The ministry added that it will remark afterward whether or not Citi — the cost agent for the bonds — had accepted the cost. The coupon funds have been due on Wednesday, and Russia will default if it fails to pay up after a 30-day grace interval. One European bondholder mentioned on Thursday morning that he had not but obtained the cash. Citi declined to remark.

Moscow has repeatedly claimed that western sanctions are stopping it from servicing its debt, with finance minister Anton Siluanov saying earlier this week that Russia was being pressured into an “synthetic default”. US sanctions, nevertheless, say that US traders can proceed receiving curiosity funds from the Russian finance ministry or central financial institution till Might 25.
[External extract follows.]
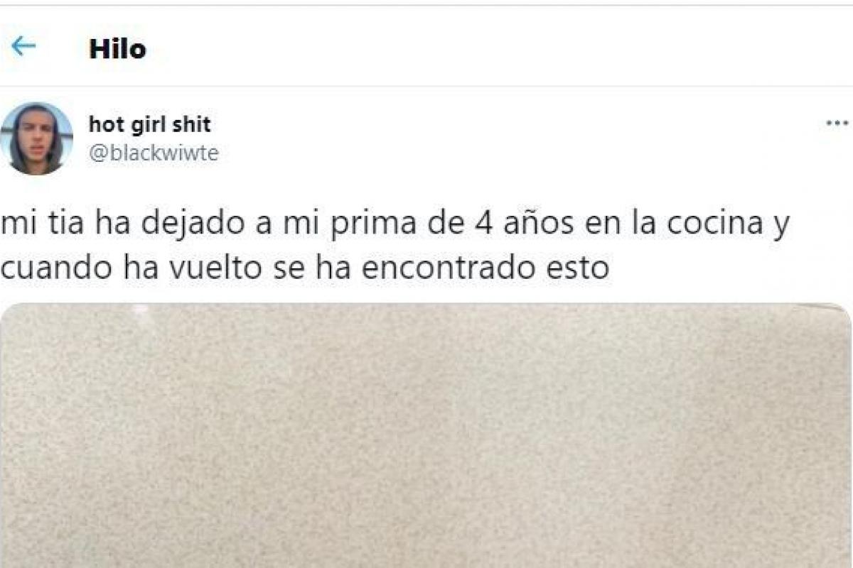 mi tia ha dejado a mi prima de 4 años en la cocina y cuando ha vuelto se ha encontrado esto pic.twitter.com/HiprRiU3Zw

“The entire thing is bizarre,” mentioned one rising markets bond fund supervisor. “It’s fairly clear cost could possibly be made in the event that they actually wished it to be. The US rules include a transparent exemption for coupon funds.”

Russian foreign-currency bonds rallied on Thursday, extending positive aspects which started on Wednesday when the Monetary Instances reported that Russia and Ukraine had made progress on a tentative peace plan. A greenback bond maturing in 2043 — one of many two with coupon funds due — rose to 40 cents on the greenback from 38 cents on Wednesday. Every week in the past it traded at lower than 20 cents.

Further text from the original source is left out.